Everything from the opening line of the records below up to and including the line containing "Верхняя часть майки" should be retyped exactly, minus the pictures.

**RECORDS SHOWN:**

[Start of Attachment]

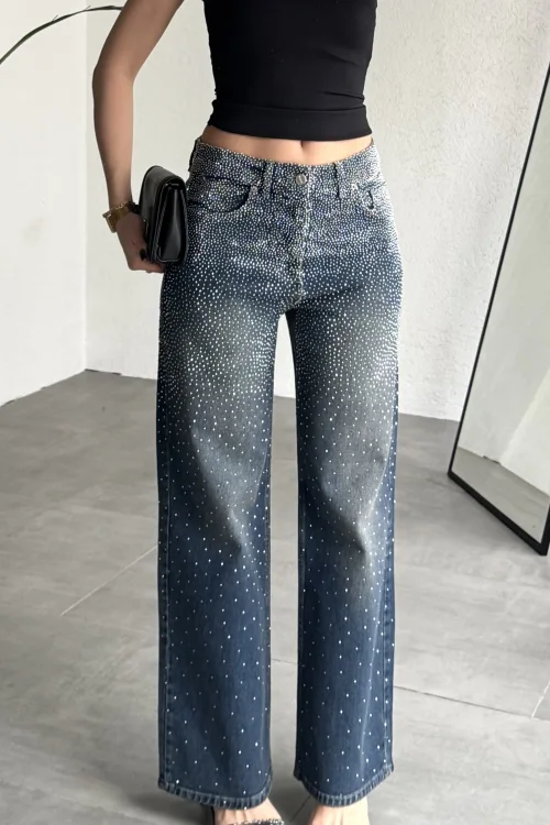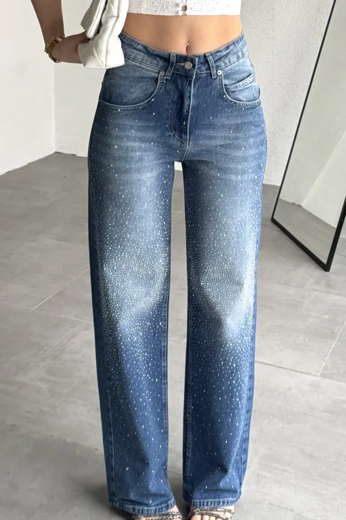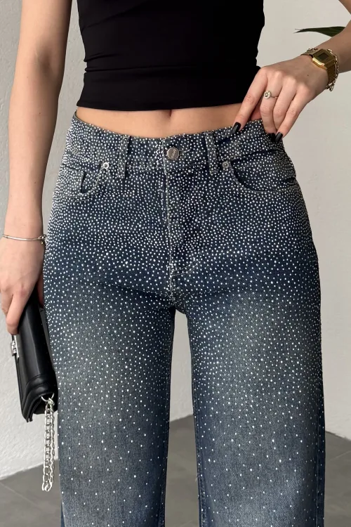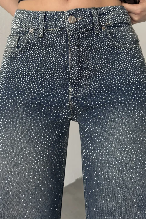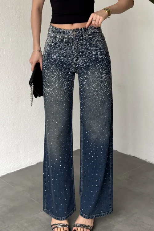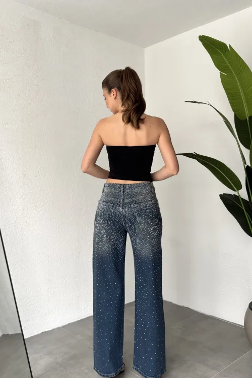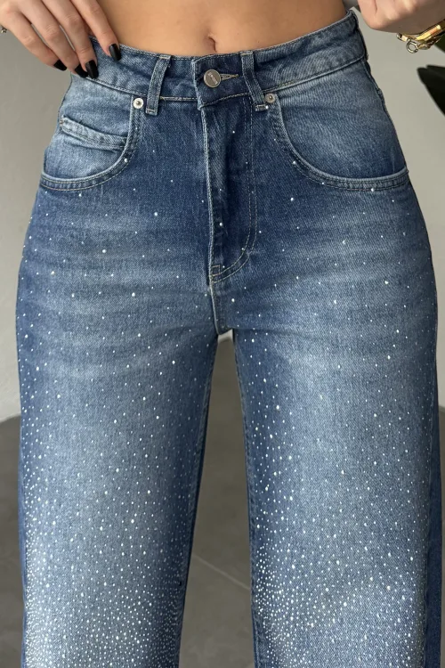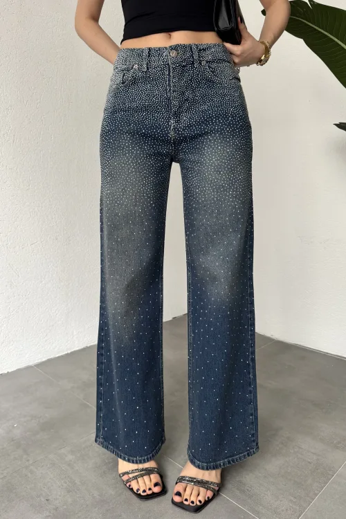 Kadın Koyu Mavi Taşlı Wide Leg Jean Pantolon Yüksek Bel Bol Paça Denim
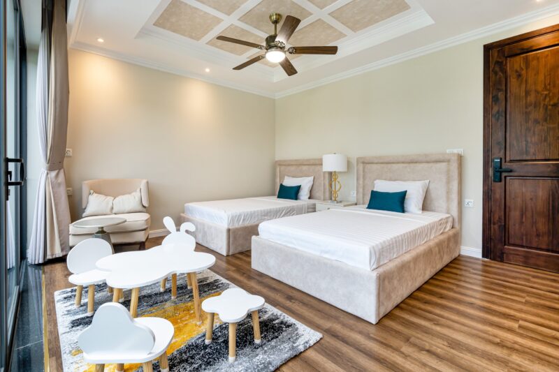 ? Tầng 2: 2 phòng đơn, 1 phòng twin + 3 wc riêng từng phòng,
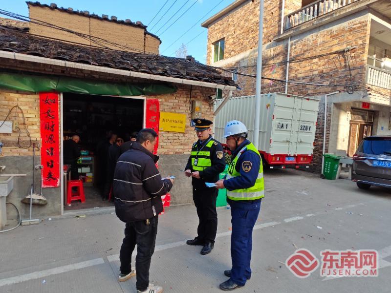 執(zhí)法人員在曹爐村發(fā)放宣傳單。寧德高速公路行政執(zhí)法支隊(duì)供圖
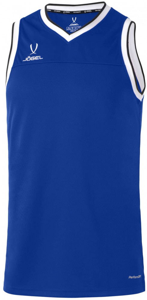 Верхняя часть майки для баскетбола имеет улучшенную вентиляцию для большего комфорта во время интенсивных нагрузок. Конструкция не ограничивает движений: баскетбольная майка имеет свободный крой; боковые швы выполнены с наклоном и оканчиваются небольшими разрезами; задняя часть изделия удлинена. С правой стороны на груди расположена вышивка «Jögel». Особенностью модели является обработка V — образной горловины и проймы контрастным рубчатым материалом с полосой, который отлично сочетается с отделкой на шортах «Jögel PerformDry Division Star».
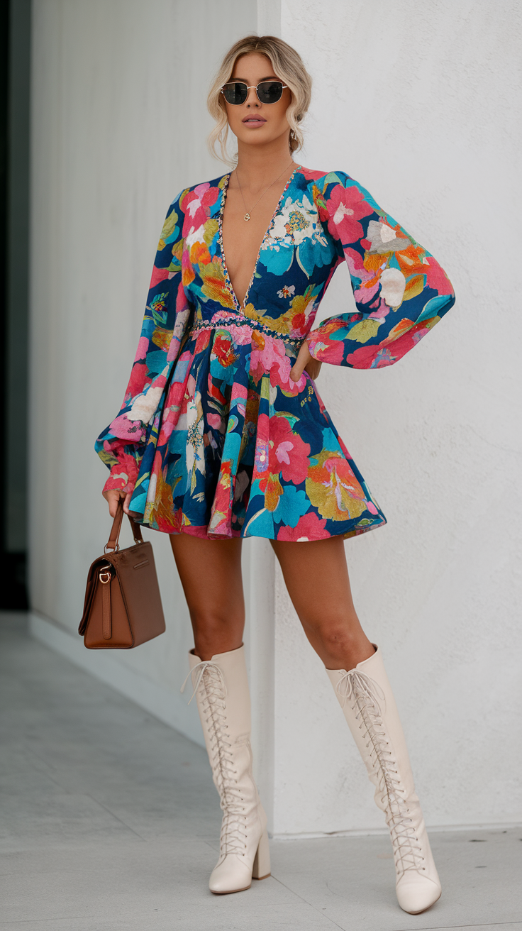 This vibrant floral mini dress with puffed sleeves and a deep neckline is paired with knee-high lace-up boots. The bold print and flared skirt make it an ideal choice for birthday shoots or hill station vacations.

[End of Attachment]

**SOLUTION:**
 Kadın Koyu Mavi Taşlı Wide Leg Jean Pantolon Yüksek Bel Bol Paça Denim
 ? Tầng 2: 2 phòng đơn, 1 phòng twin + 3 wc riêng từng phòng,
 執(zhí)法人員在曹爐村發(fā)放宣傳單。寧德高速公路行政執(zhí)法支隊(duì)供圖
 Верхняя часть майки для баскетбола имеет улучшенную вентиляцию для большего комфорта во время интенсивных нагрузок. Конструкция не ограничивает движений: баскетбольная майка имеет свободный крой; боковые швы выполнены с наклоном и оканчиваются небольшими разрезами; задняя часть изделия удлинена. С правой стороны на груди расположена вышивка «Jögel». Особенностью модели является обработка V — образной горловины и проймы контрастным рубчатым материалом с полосой, который отлично сочетается с отделкой на шортах «Jögel PerformDry Division Star».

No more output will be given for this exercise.